> _Information shown_:
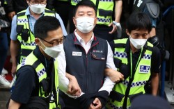 2021년 9월 2일 양경수 민주노총 위원장이 경찰에 연행되고 있다. 양 위원장은 그해 5~7월 서울 도심에서 코로나19 방역 지침을 어기고 불법 시위를 주도한 혐의를 받았다. 연합뉴스 코로나19 확산 시기 방역지침을 어기고 집회를 주도한 혐의로 재판에 넘겨진 양…
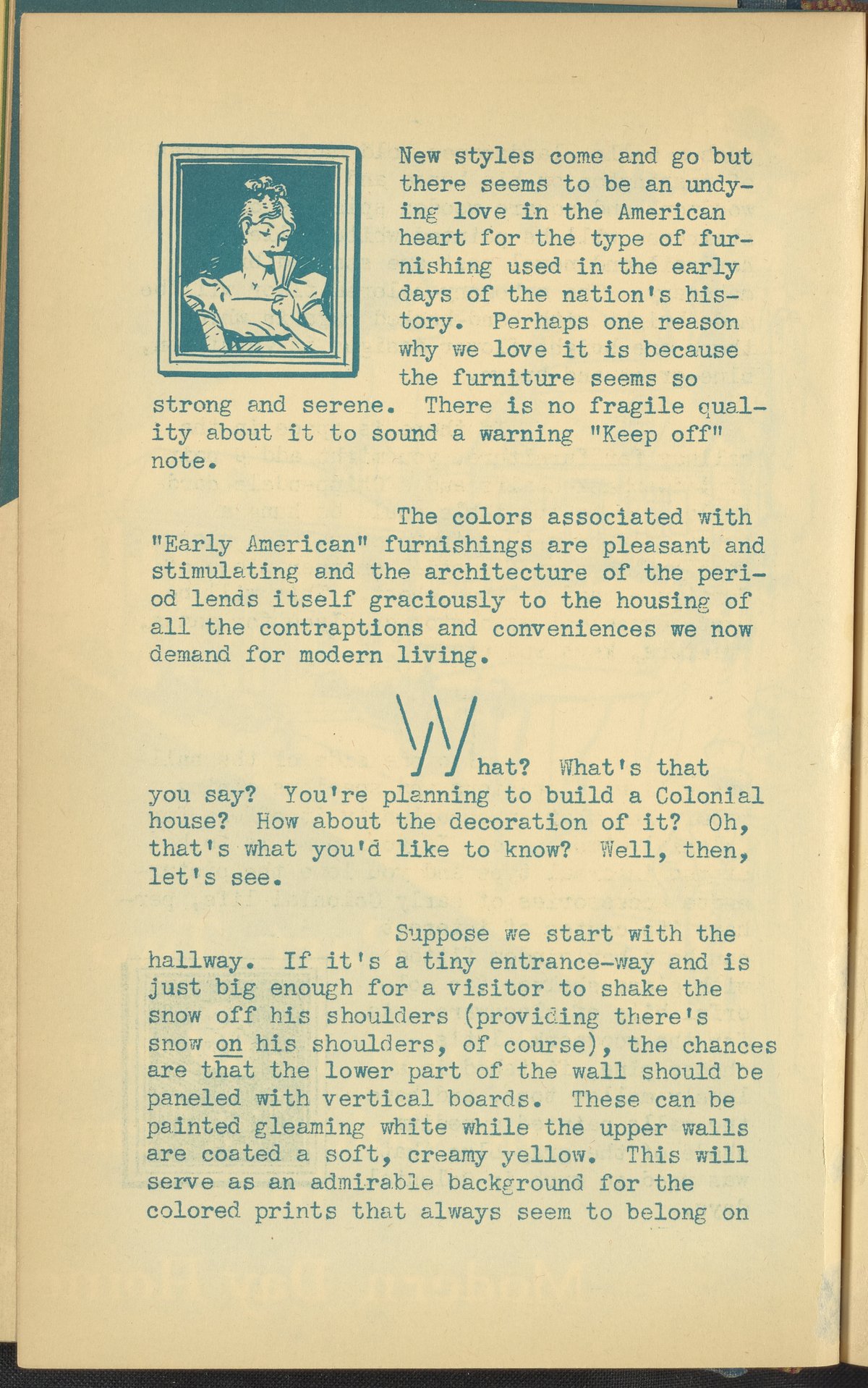Booklet corresponding to a radio broadcast program created by the National Paint, Varnish, and Lacquer Association. The booklet consists of two parts. Part one describes home decoration of early American colonists, specifically, how color was used and what colors were preferred, how furniture was crafted and styled, and the differences in interior design by region. Part two provides instruction for choosing color schemes and furniture in order to decorate one's home in a colonial style. Includes small stylized illustrations throughout and decorated covers.
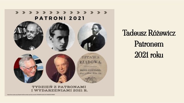 Patronem 2021 r. został również Tadeusz Różewicz, wybitny polski poeta, dramaturg, prozaik i scenarzysta, głęboko związany z losem pokolenia wojennego, baczny obserwator życia codziennego, społecznego i politycznego. W 2021 r. przypada 100. rocznica urodzin Różewicza. „Filozoficzna i egzystencjalna głębia obecna w twórczości Różewicza ma charakter uniwersalny, dzięki czemu nie tylko trafia do odbiorców z całego świata, ale jeszcze długo będzie oddziaływać na współczesną literaturę polską” - napisano w dokumencie.
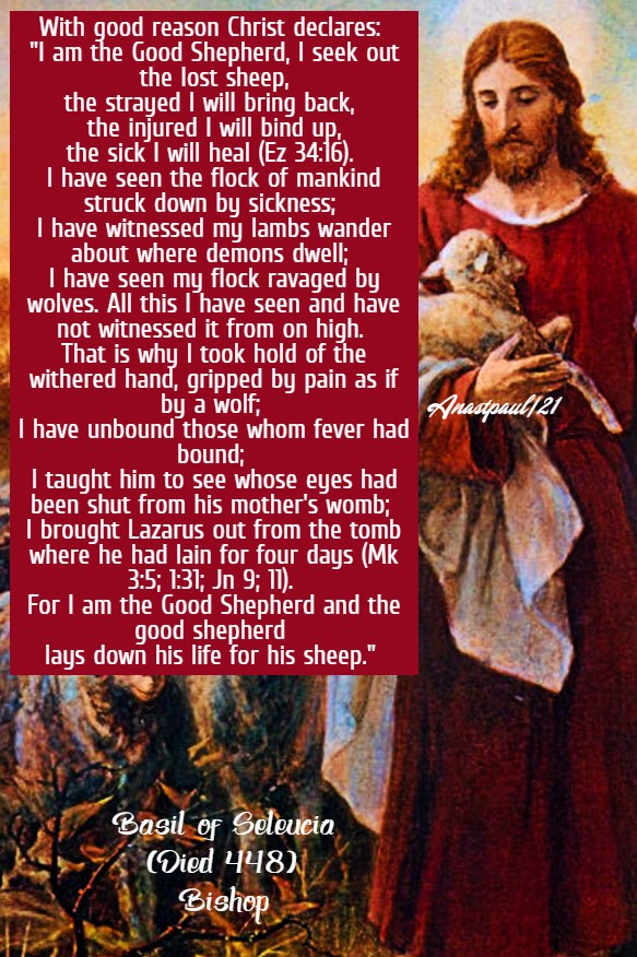 The prophet knew this shepherd when, long before His Passion, He declared what would take place: “Like a sheep led to the slaughter or a sheep, dumb before the shearers, he opened not his mouth” (Is 53:7). Like a sheep, the shepherd has offered His neck for His flock …. By His death, He heals from death; by His tomb, He empties the tomb …. The tombs are full and the prison shut until the shepherd, comes down from the cross, He has come to bring His captive sheep the joyful news of their liberation. We see Him in hell where He gives the order for their release (1 Pt 3:19); we see Him call His sheep once more, giving them the call to life from the dwellings of the dead. “The good shepherd lays down his life for his sheep.” This is how He intends to win the affection of His sheep and those who know how to listen to His voice, love Christ.” – Basil of Seleucia (Died 448) Bishop of Seleucia, Writer – Oratio 26
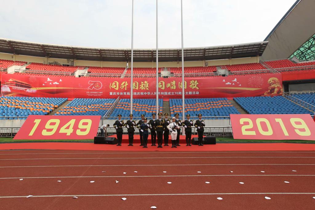 2019年9月30日上午,我校国旗队受邀参加重庆市体育局庆祝新中国成立70周年“同升国旗,同唱国歌”主题活动,在重庆奥体中心升起鲜艳的五星红旗。这是我校国旗队自建立以来首次受邀外出参加大型活动,获得市体育局的一致好评。
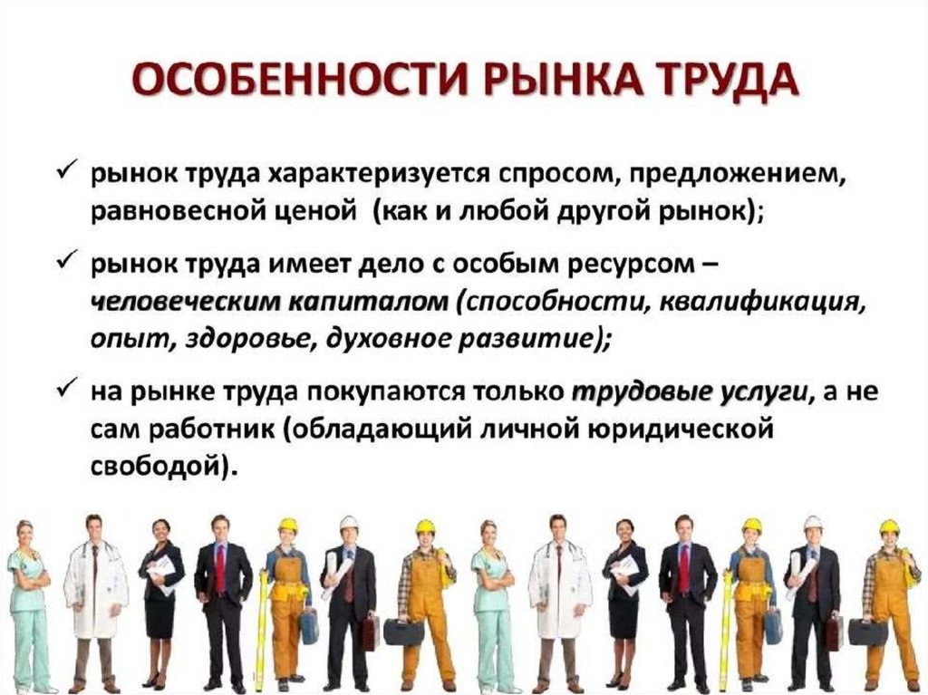 • Рынок труда – это сфера, в которой формируютсяспрос и предложение рабочей силы. Особенность

> _What is expected_: Write out again exactly the lines from the start of the data above through the line containing "Patronem 2021 r.", inclusive, excluding any pictures.

> _Task output_:
 2021년 9월 2일 양경수 민주노총 위원장이 경찰에 연행되고 있다. 양 위원장은 그해 5~7월 서울 도심에서 코로나19 방역 지침을 어기고 불법 시위를 주도한 혐의를 받았다. 연합뉴스 코로나19 확산 시기 방역지침을 어기고 집회를 주도한 혐의로 재판에 넘겨진 양…
Booklet corresponding to a radio broadcast program created by the National Paint, Varnish, and Lacquer Association. The booklet consists of two parts. Part one describes home decoration of early American colonists, specifically, how color was used and what colors were preferred, how furniture was crafted and styled, and the differences in interior design by region. Part two provides instruction for choosing color schemes and furniture in order to decorate one's home in a colonial style. Includes small stylized illustrations throughout and decorated covers.
 Patronem 2021 r. został również Tadeusz Różewicz, wybitny polski poeta, dramaturg, prozaik i scenarzysta, głęboko związany z losem pokolenia wojennego, baczny obserwator życia codziennego, społecznego i politycznego. W 2021 r. przypada 100. rocznica urodzin Różewicza. „Filozoficzna i egzystencjalna głębia obecna w twórczości Różewicza ma charakter uniwersalny, dzięki czemu nie tylko trafia do odbiorców z całego świata, ale jeszcze długo będzie oddziaływać na współczesną literaturę polską” - napisano w dokumencie.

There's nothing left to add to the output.